Where does this leave an employer when an employee disobeys the health and safety rules and procedures of the employer? This simple fact of the matter is that the employer can use section 14 as a disciplinary tool in view of the fact that the employee would have committed a criminal offence by his actions. Most employers include a clause in their disciplinary code and procedures that if an employee is proved to have committed a criminal offence, the employer can then discharge that employee. It is strongly suggested that employers should discuss this matter with the unions that represent the employees and come to an understanding of the seriousness of this sub-section.

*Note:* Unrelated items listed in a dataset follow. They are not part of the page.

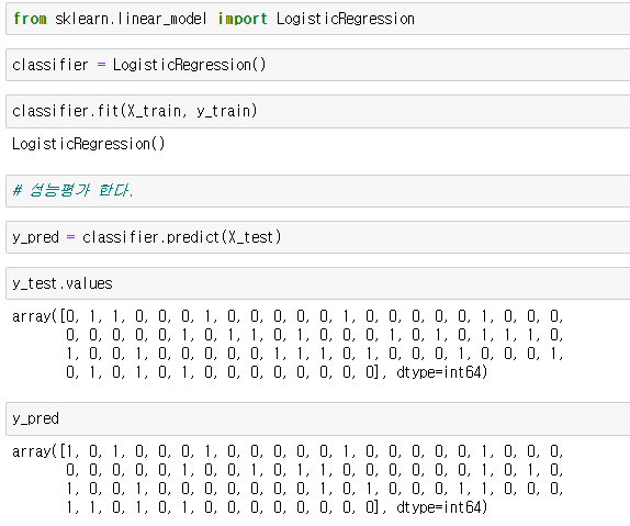 분류의 문제이므로 로지스틱 리그레션으로 모델링하고 성능평가 한다.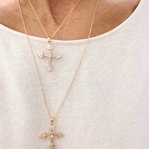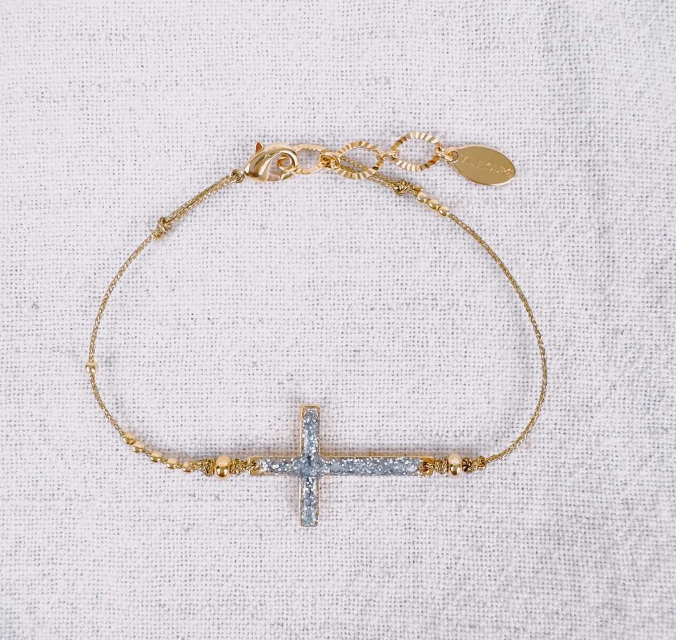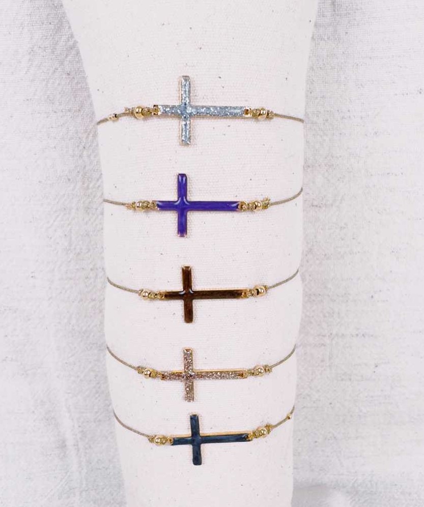 Bracelet en cordon lurex doré (fabriqué en région Rhône-Alpes) et composé d’une croix émaillée et de petites perles dorées. Adaptable à toutes les tailles de poignets par ses liens coulissants de chaque côtés.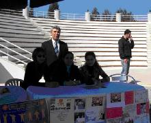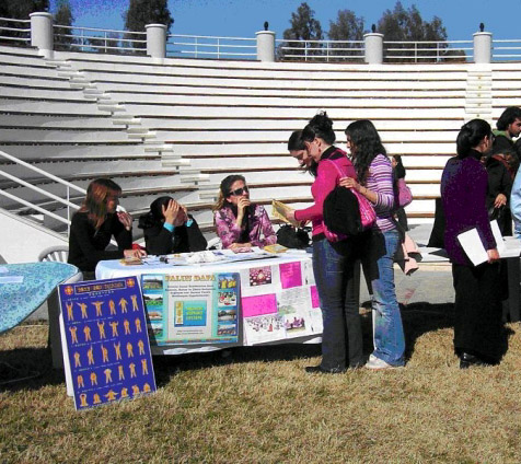 ![]() 时代大学的教师兼教务长威力·考娄路先生(veli koroglu)和学生们 | ![]() 学生们询问有关法轮功的资料 |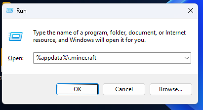 - Windows: Press Windows + R, type %appdata%\.minecraft, and press Enter.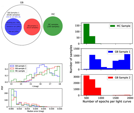 We also notice that the number of epochs for each light curve is negatively correlated with for the MC Sample. This indicates that, in the MC Sample, the stars that have been classified as nBL tend to have more points per light curve than those identified as BL stars. Note, however, that we have not observed such a trend in GB Sample 2 and the test set. The reason for this might be that GB Sample 2 and the test set have more data points per light curve, so such a correlation is not apparent. Meanwhile, the correlation between the number of epochs per light curve and for the MC Sample has an extremely high p-value for the correlation test (i.e., 0.37), indicating that this result might not be generalizable to other data sets. On the other hand, we observe an opposite trend in the test set. This perhaps reflects the fact that BL stars with more epochs per light curve can be detected more easily. Similar trends have also been observed by PS17 [26]. Figure 3 suggested that stars with fewer data points tend to have higher noise levels in the frequency spectra.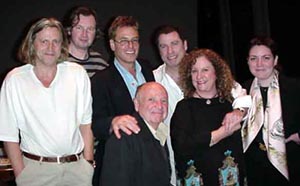 ![]() Shown congratulating Cmiral are (l to r): Roger Christian, Director; Cmiral; Jonathan Krane, Producer; Lyn Stalmaster, Casting Director; Travolta; BMI's Linda Livingston; and Barbara Ruiz, Producer. |

Section 14(d) “if any situation which is unsafe or unhealthy comes to his attention, as soon as practicable report such situation to his employer or to the health and safety representative for his workplace or section thereof, as the case may be, who shall report it to the employer”

Employers should instruct and train employees to report any unhealthy or unsafe situation. The employer should create a culture of safety first, so that when an unsafe situation is discovered by an employee, that employee will not be embarrassed by a negative attitude to stopping machinery or holding up production while the situation is rectified.

Some employers have a reward-system for legitimate unhealthy or unsafe situations that are reported, especially when serious injury is prevented by the diligence of an employee. This type of approach of encouraging an employee along a positive mind set, works much better than threats of prosecution etc.

It is, however a fact that if an employee is aware of an unsafe situation and does not report it, and an accident occurs as a result thereof, that employee could be held liable in terms of this section 14 for not taking the required action to rectify the situation.

Section 14(e) “if he is involved in any incident which may affect his health or which has caused an injury to himself, report such incident to his employer or to anyone authorized thereto by the employer, or to his health and safety representative, as soon as practicable but not later than the end of the particular shift during which the incident occurred, unless the circumstances were such that the reporting of the incident was not possible, in which case he shall report the incident as soon as practicable thereafter.”

Unreported incidents could be the cause of a similar incident occurring or of employers refusing to accept that the incident occurred at work. This could have very serious consequences for an injured person when the medical bills come in or when ongoing medical treatment is required. 

Employers should establish a system of reporting that makes it easy for employees to report incidents that they have been involved in, or of incidents that others have been involved in and have not been reported.